Я не стал дожидаться, пока этот убийца вновь двинется к палатке — он ещё не успел перехватить меч, когда я, единым движением располосовав полог надвое, бросаюсь в разрез, чтобы напасть на него с той стороны, откуда он точно не ждёт опасности — судя по изумлению, отразившемуся на его лице, он так и не понял, откуда я взялся.

Не успеваю я подумать о том, что остаются ещё трое — слишком много для того, кто на тренировочных боях едва управлялся с парой соперников — и вот их уже двое: один падает на снег, заливая его кровью — жить ему осталось недолго, даже найдись тот, кто вызвался бы перетянуть жгутом перерубленную руку.
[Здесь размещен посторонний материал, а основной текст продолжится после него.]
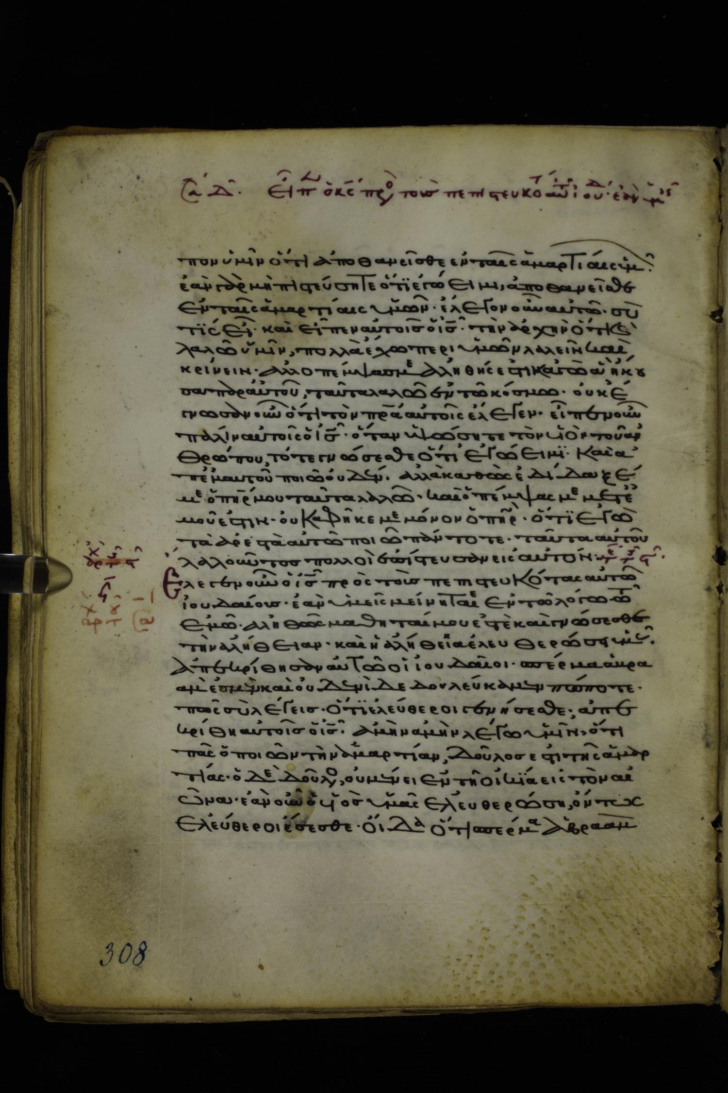 Twelfth or thirteenth century minuscule of the Gospels on parchment; 171 leaves, 1 column, 26-28 lines per column. Images were taken at the National Library of Greece in Athens.
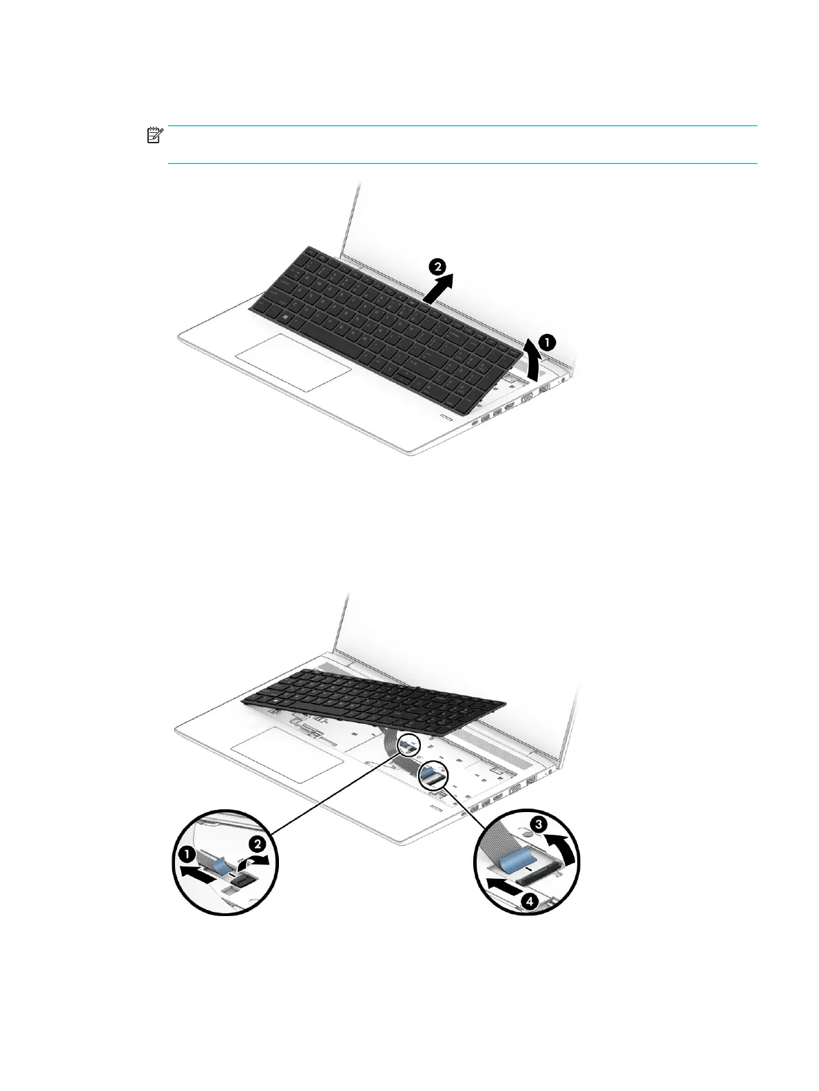 3. Lift the top of the keyboard upward (1), and then rotate the keyboard so you can access the cables and
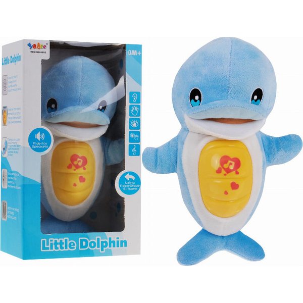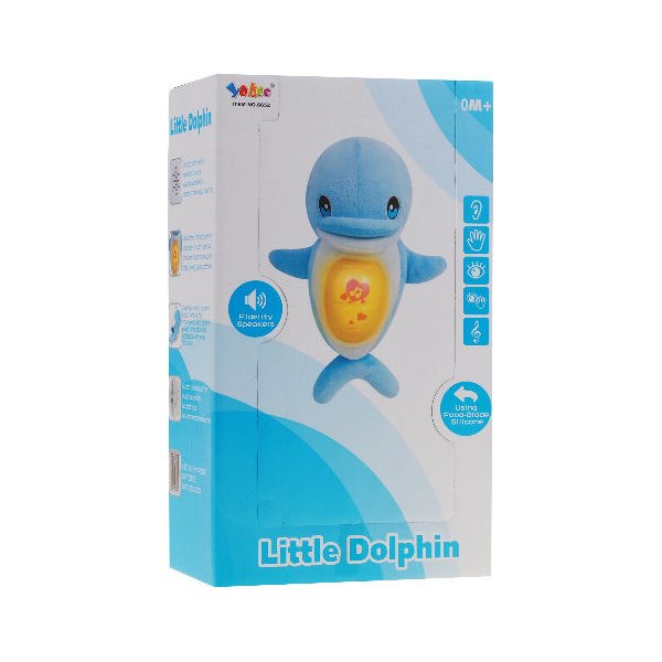 Delfinek pozytywka, która jest wykonana z mięciutkich materiałów. Bardzo przyjemna w dotyku sprawi, że maluch chętnie będzie się do niego przytulał i nie będzie mógł się z nim rozstać. Wyposażony został w kołysankę, która pomoże dziecku się wyciszyć i zrelaksować przed snem. Regulacja głośności pozwoli ją dostosować do wymagań. Dodatkowo rozjaśni pokój delikatnym blaskiem lampki, która doda poczucia bezpieczeństwa. W razie zabrudzeń pluszaka można bez problemu wyprać w niskiej temperaturze jednak trzeba pamiętać, aby wcześniej wyciągnąć mechanizm.

Тем временем я скрещиваю меч со следующим; кажется, что мой клинок живёт своей жизнью, как повествуют предания о волшебном оружии. Хотя вернее сказать, своей жизнью живут мои руки и ноги — всё тело, наконец получившее свободу от стесняющих его оков разума. Узри меня сейчас мои наставники, быть может, они бы меня и не узнали — разве мог прежний я стать причиной этих фонтанов крови, зияющих ран, в последний раз припадающих к земле ладоней?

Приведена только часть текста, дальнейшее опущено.